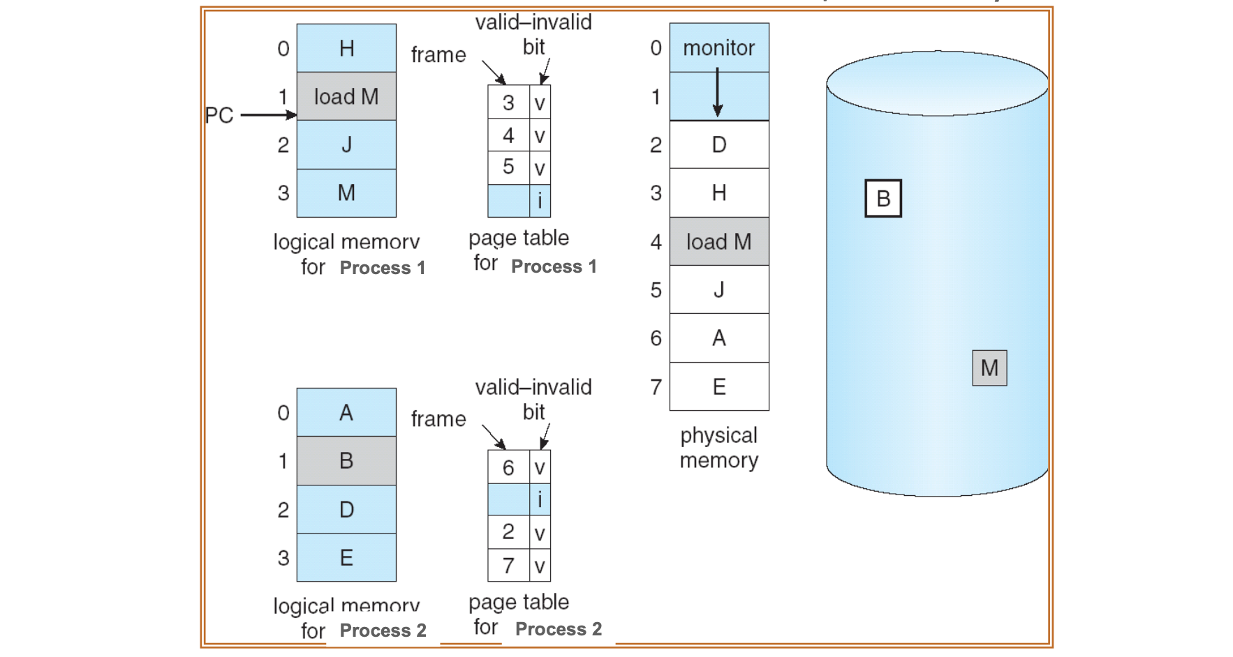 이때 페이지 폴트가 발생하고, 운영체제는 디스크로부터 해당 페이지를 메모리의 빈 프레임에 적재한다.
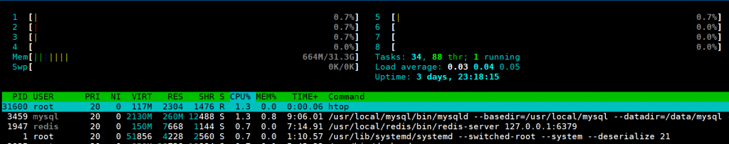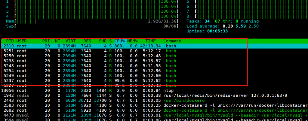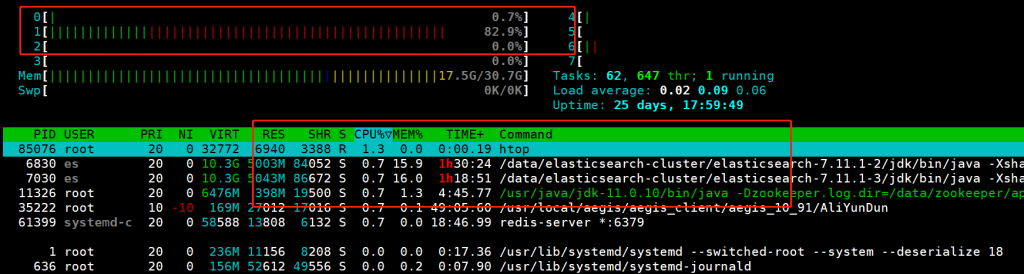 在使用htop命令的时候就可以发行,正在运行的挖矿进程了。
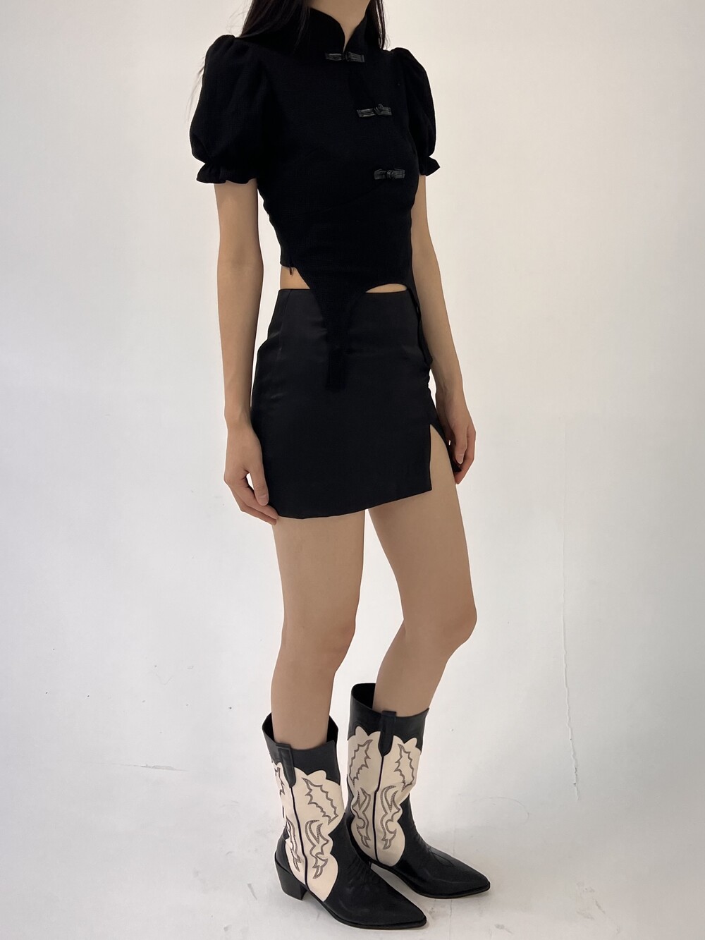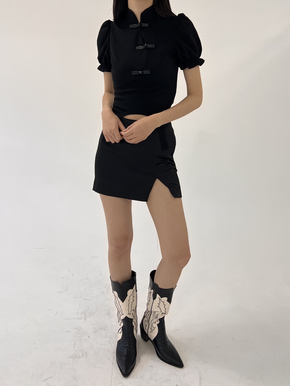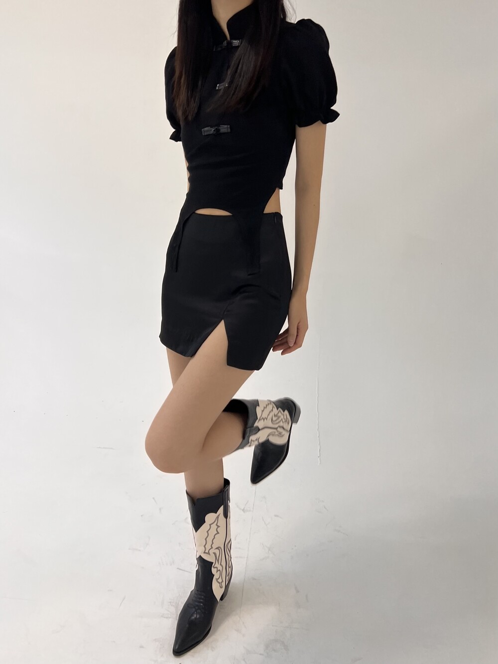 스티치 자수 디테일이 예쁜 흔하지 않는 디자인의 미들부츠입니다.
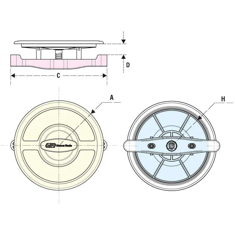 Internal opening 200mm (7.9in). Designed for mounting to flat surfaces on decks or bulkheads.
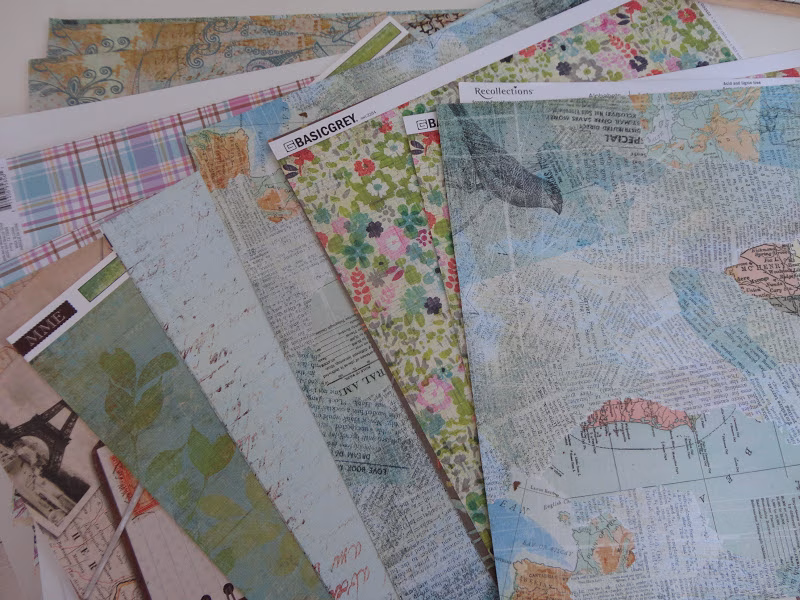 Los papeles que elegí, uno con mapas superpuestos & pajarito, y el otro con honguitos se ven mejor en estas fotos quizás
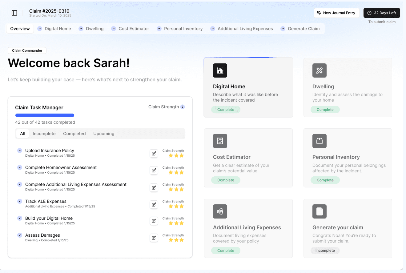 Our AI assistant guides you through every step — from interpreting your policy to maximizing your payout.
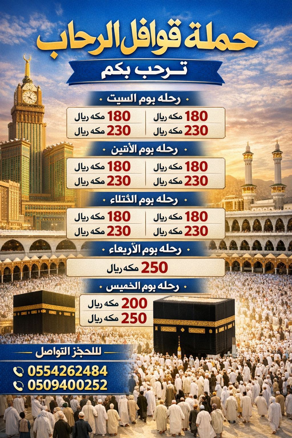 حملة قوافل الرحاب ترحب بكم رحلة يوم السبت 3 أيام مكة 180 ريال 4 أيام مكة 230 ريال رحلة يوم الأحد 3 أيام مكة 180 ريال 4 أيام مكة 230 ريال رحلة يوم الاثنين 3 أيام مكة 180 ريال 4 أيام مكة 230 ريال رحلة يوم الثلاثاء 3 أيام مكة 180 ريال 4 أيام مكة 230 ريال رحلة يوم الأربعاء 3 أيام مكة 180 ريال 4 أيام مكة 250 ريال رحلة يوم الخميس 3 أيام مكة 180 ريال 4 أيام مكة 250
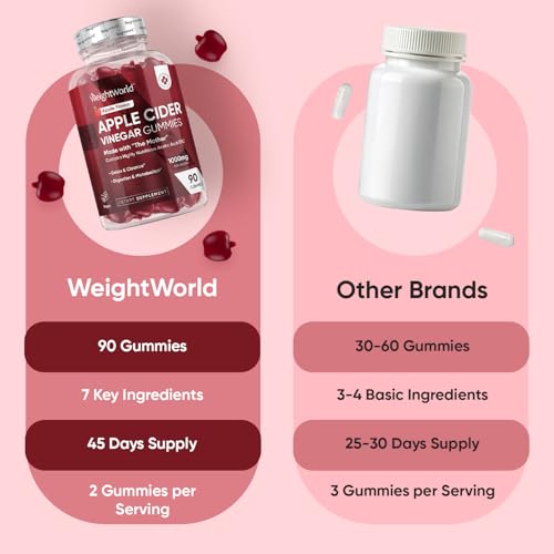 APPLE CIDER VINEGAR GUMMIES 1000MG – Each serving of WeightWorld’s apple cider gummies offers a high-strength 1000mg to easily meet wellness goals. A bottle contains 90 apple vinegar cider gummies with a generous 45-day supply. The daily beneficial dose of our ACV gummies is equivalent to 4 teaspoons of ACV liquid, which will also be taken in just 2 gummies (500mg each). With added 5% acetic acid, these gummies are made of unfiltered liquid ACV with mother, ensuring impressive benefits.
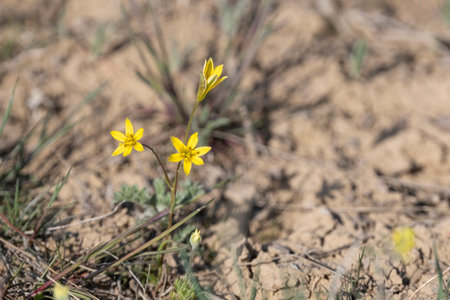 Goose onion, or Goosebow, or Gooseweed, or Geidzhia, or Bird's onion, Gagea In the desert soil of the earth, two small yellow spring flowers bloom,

...

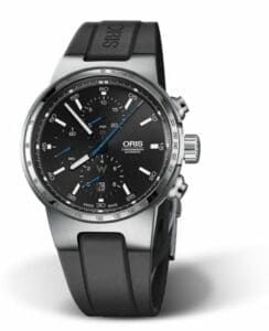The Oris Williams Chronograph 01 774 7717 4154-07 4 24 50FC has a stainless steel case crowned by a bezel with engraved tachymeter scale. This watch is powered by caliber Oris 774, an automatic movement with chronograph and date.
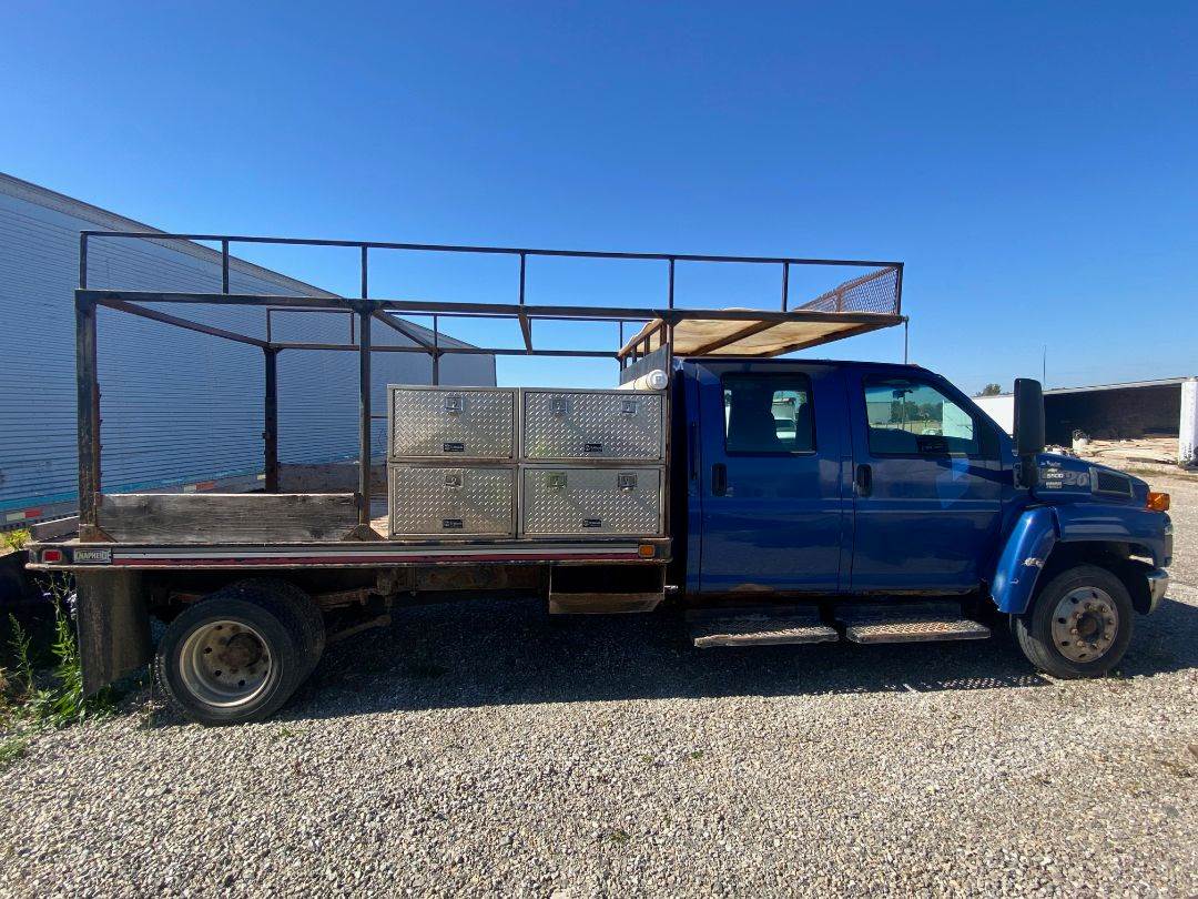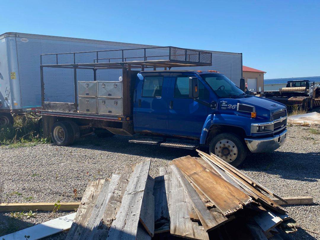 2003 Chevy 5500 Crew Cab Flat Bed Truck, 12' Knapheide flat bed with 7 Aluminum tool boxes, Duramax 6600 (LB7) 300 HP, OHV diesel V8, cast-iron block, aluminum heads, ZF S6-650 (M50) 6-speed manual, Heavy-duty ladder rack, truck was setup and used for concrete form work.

**Task:**
Please return the data above exactly as it stands from the line with "Internal opening 200mm" to the line with "حملة قوافل الرحاب", keeping both of those lines but none of the pictures.

**Solution:**
 Internal opening 200mm (7.9in). Designed for mounting to flat surfaces on decks or bulkheads.
 Los papeles que elegí, uno con mapas superpuestos & pajarito, y el otro con honguitos se ven mejor en estas fotos quizás
 Our AI assistant guides you through every step — from interpreting your policy to maximizing your payout.
 حملة قوافل الرحاب ترحب بكم رحلة يوم السبت 3 أيام مكة 180 ريال 4 أيام مكة 230 ريال رحلة يوم الأحد 3 أيام مكة 180 ريال 4 أيام مكة 230 ريال رحلة يوم الاثنين 3 أيام مكة 180 ريال 4 أيام مكة 230 ريال رحلة يوم الثلاثاء 3 أيام مكة 180 ريال 4 أيام مكة 230 ريال رحلة يوم الأربعاء 3 أيام مكة 180 ريال 4 أيام مكة 250 ريال رحلة يوم الخميس 3 أيام مكة 180 ريال 4 أيام مكة 250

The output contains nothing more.